++++ Given information
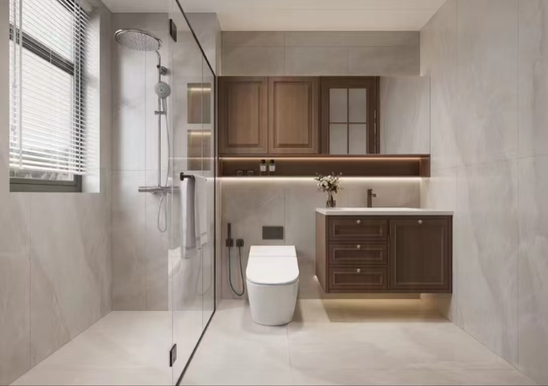 嵌入木饰面的梳妆镜 宛若天生梳妆打扮,氛围感超顶! 盥洗池下面做收纳柜 轻松隐藏水管,分类收纳拿取便捷
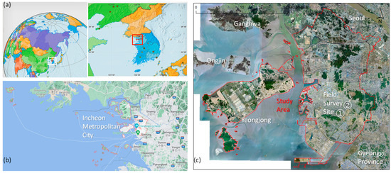 Study area, Incheon, South Korea. (a) The geographical location of the Incheon Metropolitan City “http://www.maphill.com/korea-south/inchon/location-maps/political-map/ (accessed on 8 June 2023)”; (b) Administrative area, including inland, two large islands, and other islands “https://www.google.com/maps/place/Incheon (accessed on 8 June 2023)”; (c) Area where LiDAR 3DPCs were employed; ① and ② are in situ site survey sites.
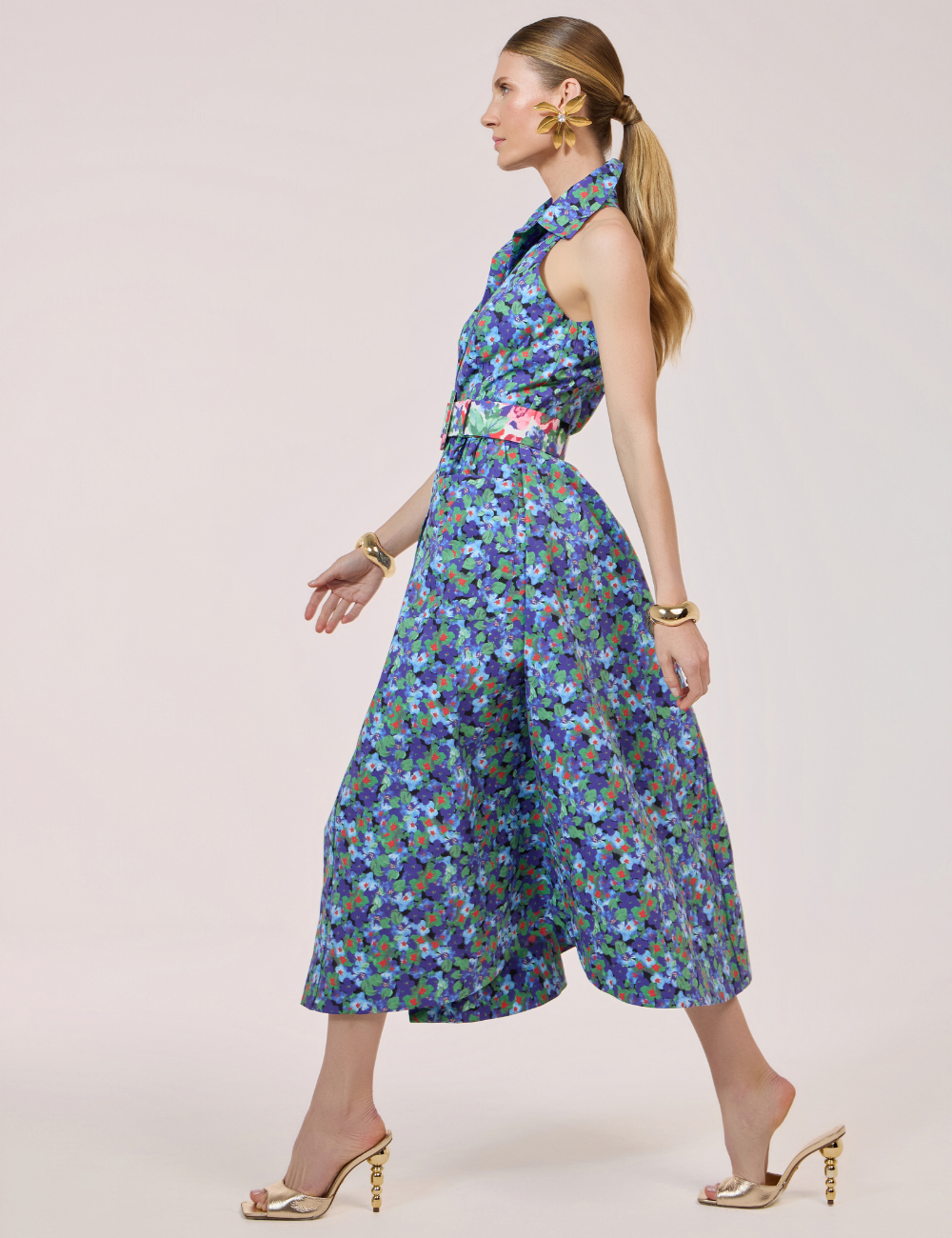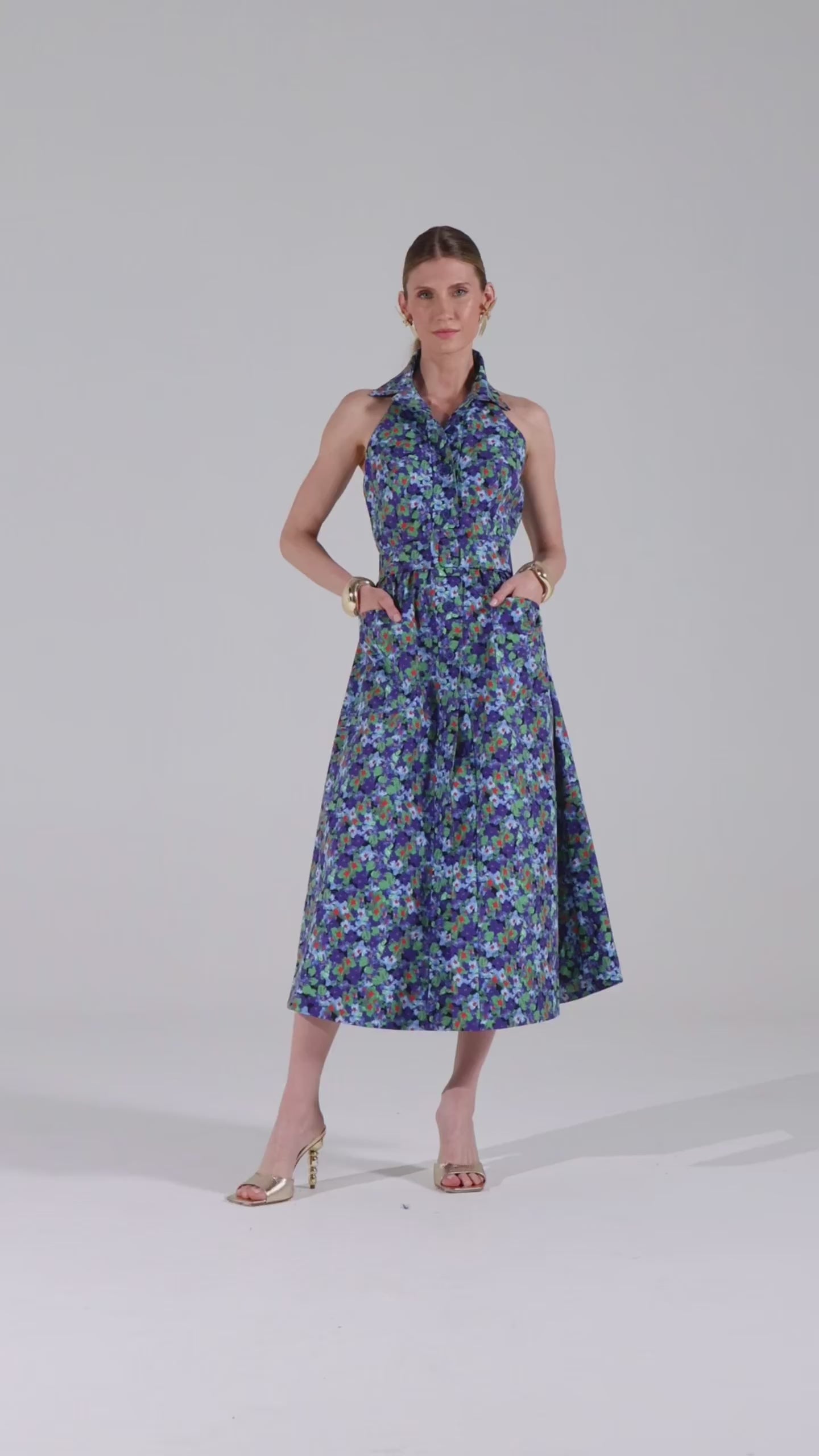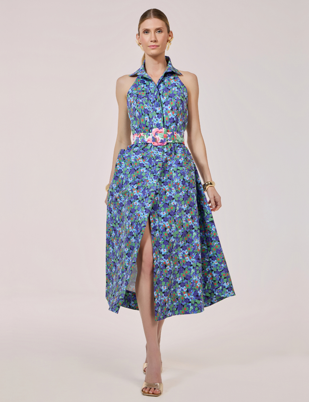 O vestido longo floral com bolsos é confeccionado em poliéster com tecido de alfaiataria , que garante estrutura e conforto . A peça traz a estampa exclusiva “Amalfi” , que adiciona frescor e sofisticação à produção.
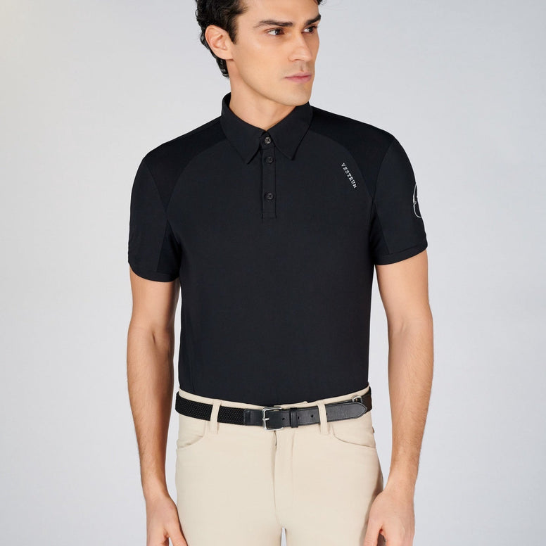 Le polo Vestrum Zandvoort est un polo raffiné à manches courtes, au style sportif et aux finitions luxueuses. Conçu en piqué technique de haute qualité, il offre une excellente respirabilité, une coupe flatteuse et une grande élasticité, idéale pour l'équitation et les activités à cheval. Son élégant logo Vestrum et son col raffiné en font le choix parfait pour l'entraînement comme pour les loisirs.
++++++++
> Brief
Repeat the data exactly, dropping every picture it holds.

> Task response
 嵌入木饰面的梳妆镜 宛若天生梳妆打扮,氛围感超顶! 盥洗池下面做收纳柜 轻松隐藏水管,分类收纳拿取便捷
 Study area, Incheon, South Korea. (a) The geographical location of the Incheon Metropolitan City “http://www.maphill.com/korea-south/inchon/location-maps/political-map/ (accessed on 8 June 2023)”; (b) Administrative area, including inland, two large islands, and other islands “https://www.google.com/maps/place/Incheon (accessed on 8 June 2023)”; (c) Area where LiDAR 3DPCs were employed; ① and ② are in situ site survey sites.
 O vestido longo floral com bolsos é confeccionado em poliéster com tecido de alfaiataria , que garante estrutura e conforto . A peça traz a estampa exclusiva “Amalfi” , que adiciona frescor e sofisticação à produção.
 Le polo Vestrum Zandvoort est un polo raffiné à manches courtes, au style sportif et aux finitions luxueuses. Conçu en piqué technique de haute qualité, il offre une excellente respirabilité, une coupe flatteuse et une grande élasticité, idéale pour l'équitation et les activités à cheval. Son élégant logo Vestrum et son col raffiné en font le choix parfait pour l'entraînement comme pour les loisirs.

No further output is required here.